At the clone level (level 2), we modeled an additional two attributes: distractor type and mean response time. Distractor type refers to whether a clone uses MD-type versus PD-type distractors, whereas mean response time refers to the average time participants spent deliberating on that item clone. We note that, in contrast to the other modeled attributes, average response time is not an intrinsic property of an item. We elected to include it in our models, however, because including response time as a covariate has previously been shown to improve parameter estimation (Bertling & Weeks, 2018).Footnote 3 To preclude any collinearity between the attributes, mean response time was orthogonalized with respect to the three other item attributes; as such, any effects of response time reflects residual structure after accounting for all other item attributes.

We deliberately chose not to incorporate shape set (i.e., 1, 2, or 3) as a clone-level attribute.

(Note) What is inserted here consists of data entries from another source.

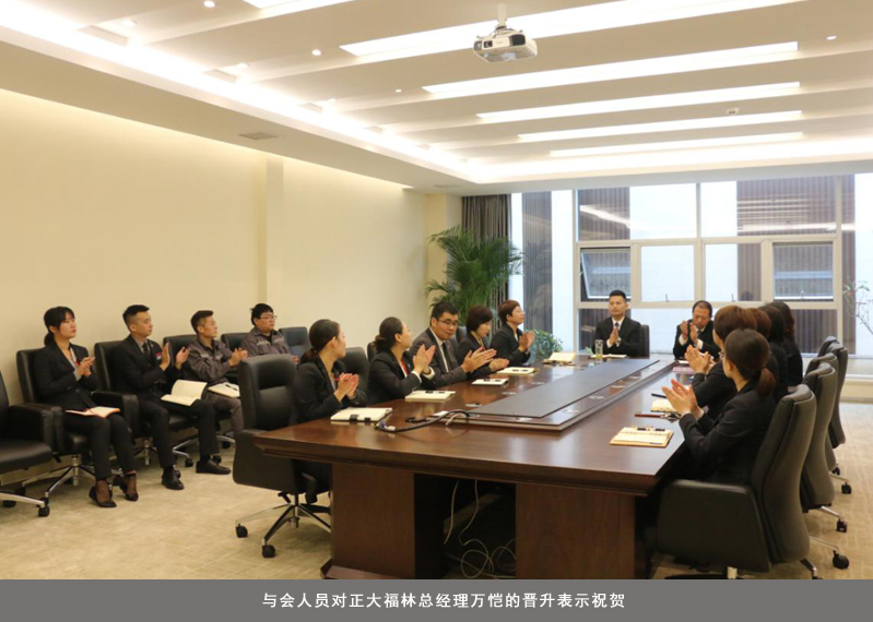 陕西福迪各与会主管级(含)以上管理人员纷纷为姚小刚执行总经理的晋升表示祝贺,并坚信在集团、董事长领导下,在姚总的带领下,在各级团队的通力配合下,充分发挥部门职能,履行岗位职责,发扬主人翁精神,让陕西福迪团队真正成为一支务实高效、执行有力、团结进取、积极向上、攻坚克难的优秀团队,为集团创造价值,助力集团长远健康发展。
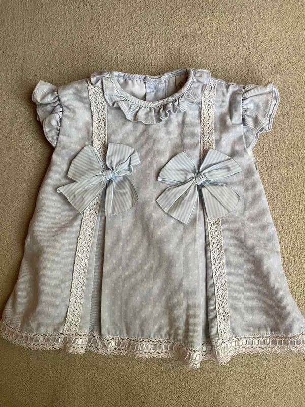 Голуба в білий горох сукня для дівчинки 12 місяців,стан задовільний.
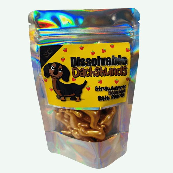 Take a trip back in time with the Dachshund Strawberry Bath Pearls! Enjoy moisturized skin softer than a puppy ear surrounded by the sweet scent of strawberry. Add up to 2 bath pearls to your soak for an extra fun bath.
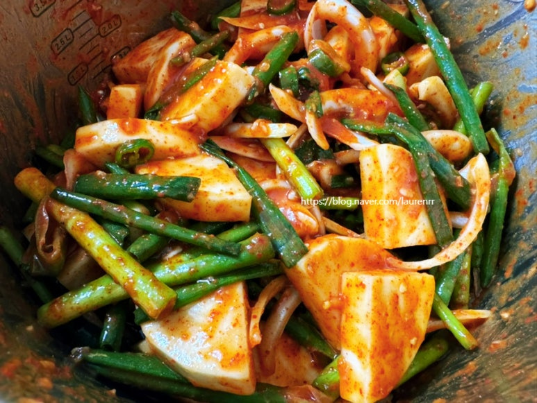 Jika Anda memiliki sisa bumbu dari pembuatan kimchi daun bawang, Anda bisa menggunakannya untuk membuat seokbakji yang lebih praktis dan lezat. (Sekitar 1 cangkir).
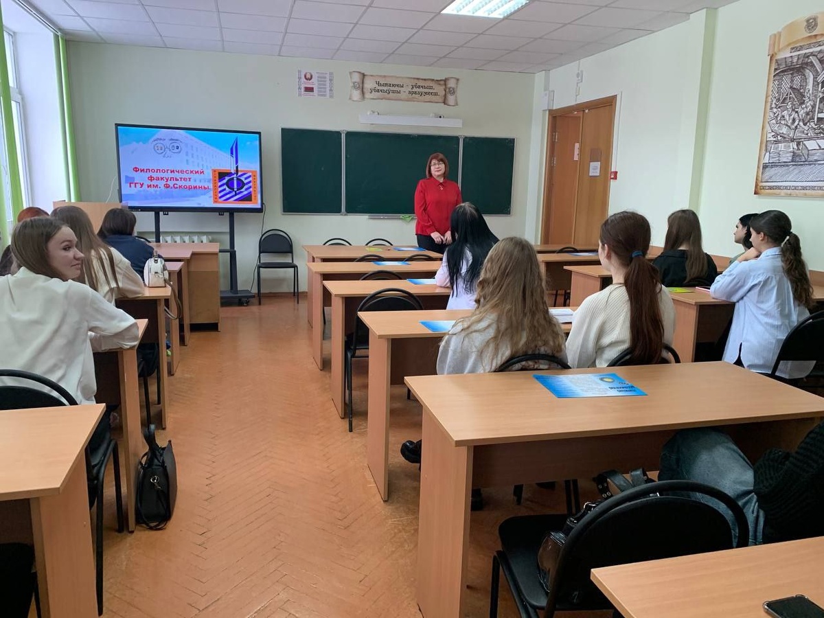 родную мову”. Будучых абітурыентаў сустрэла кіраўніцтва факультэта ў асобах дэкана А.М. Палуян і намесніка дэкана З.У. Шведавай, якія пазнаёмілі з асаблівасцямі ўступнай кампаніі на розныя спецыяльнасці, магчымасцях, што адчыняюцца перад студэнтамі, якія закончылі філалагічны факультэт. Дацэнт кафедры беларускай мовы Алена Фёдарава прачытала лекцыю “Экзамен в творчестве» для жадаючых паступіць на спецыяльнасць «Журналістыка». Захапляльны квіз па беларускай мове правяла дацэнт кафедры беларускай літаратуры Таццяна Пятроўская. Квіз аб’яднаў каманды ў незвычайных заданнях. Удзельнікі адгадвалі факты пра Францыска Скарыну, творы, фразеалагізмы па малюнках і рэдкія словы. Найбольш жыво прайшоў тур, дзе словы паказвалі жэстамі, а адзін чалавек іх адгадваў. У фінале ўдзельнікі атрымалі салодкія прызы.
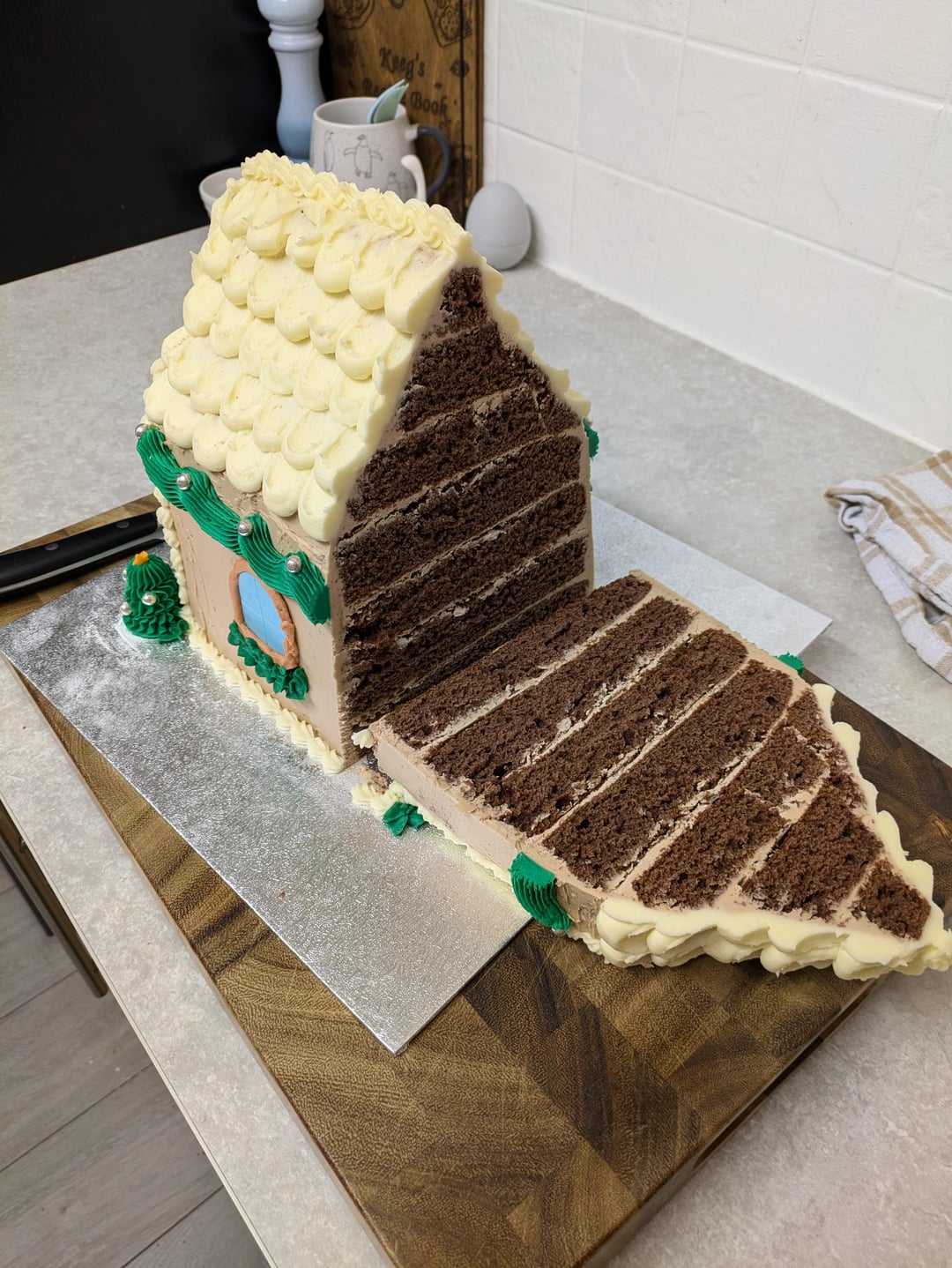 Made a chocolate cake with chocolate buttercream and carved and decorated it to look like a gingerbread house!! What do you think? by courtneycrunch17 16 Comments Triguntri 11 months ago This is wonderful and so well made it! It is very inspiring to me to try this design. You did an amazing job! iso-my-purpose 11 months ago This is so beautiful and so much fun! You are very talented, OP! roccoroll 11 months ago This is amazing! So so cute. DizzyPear9798 11 months ago Wow!!!!! If someone brought this to my house i would die! Unusual-Tree-7786 11 months ago The only thing that could have made this better would have been a gingerbread cake… with the icing. As it is this is amazing NewbieMaleStr8isBack 11 months ago Fantastic Kitty_mustdie 11 months ago THIS IS SO CUTE OMG so creative as well! Obvious_Director_113 11 months ago This is a lovely cake driffe 11 months ago Oh that is cute!!!! What a great idea!!! Alice_Pi314 11 months ago Wow! Very well made. It looks delicious too. Great work. Thank you for sharing DolphinDarko 11 months ago Pretty and looks delicious!!! Snail_Mailer 11 months ago Wow this is just like the Holiday Baking Championship!! rainyhawk 11 months ago Very clever! kymilovechelle 11 months ago Perfect layers and super sweet and cute design! juanitaborrica 11 months ago So beautiful 😍 RedRider1138 11 months ago I fully thought it was a gingerbread house, you fooled me! 😄Write A CommentYou must be logged in to post a comment.

The allocation of geometric shapes to item clones in the MaRs-IB is complex, such that not all clones of the same shape set share the same perceptual elements (see the Supplementary Materials for a full discussion). In other words, shape set does not constitute an interpretable categorical variable and was therefore not included in the model. Instead, the contribution of perceptual elements to item functioning is captured by the clone-level residual variability terms of the item structure models.

We fit a series of nested AMIS models in order to identify the model that best predicted participants’ response data. The models varied in how item parameters were specified, with each successive model allowing for greater flexibility in item parameter estimation. We fit the models in two waves. In the first, item discrimination was fixed (α = 1)Footnote 4 in order to identify the best structure for the item difficulty independent of item discrimination. In the first wave, we fit three models:

  • Model 1: Item difficulty is a function of item template attributes (level 1) and item clone attributes (level 2). In this model, item difficulty is predicted solely by item attributes (i.e., element number, rule number, distractor type, response time).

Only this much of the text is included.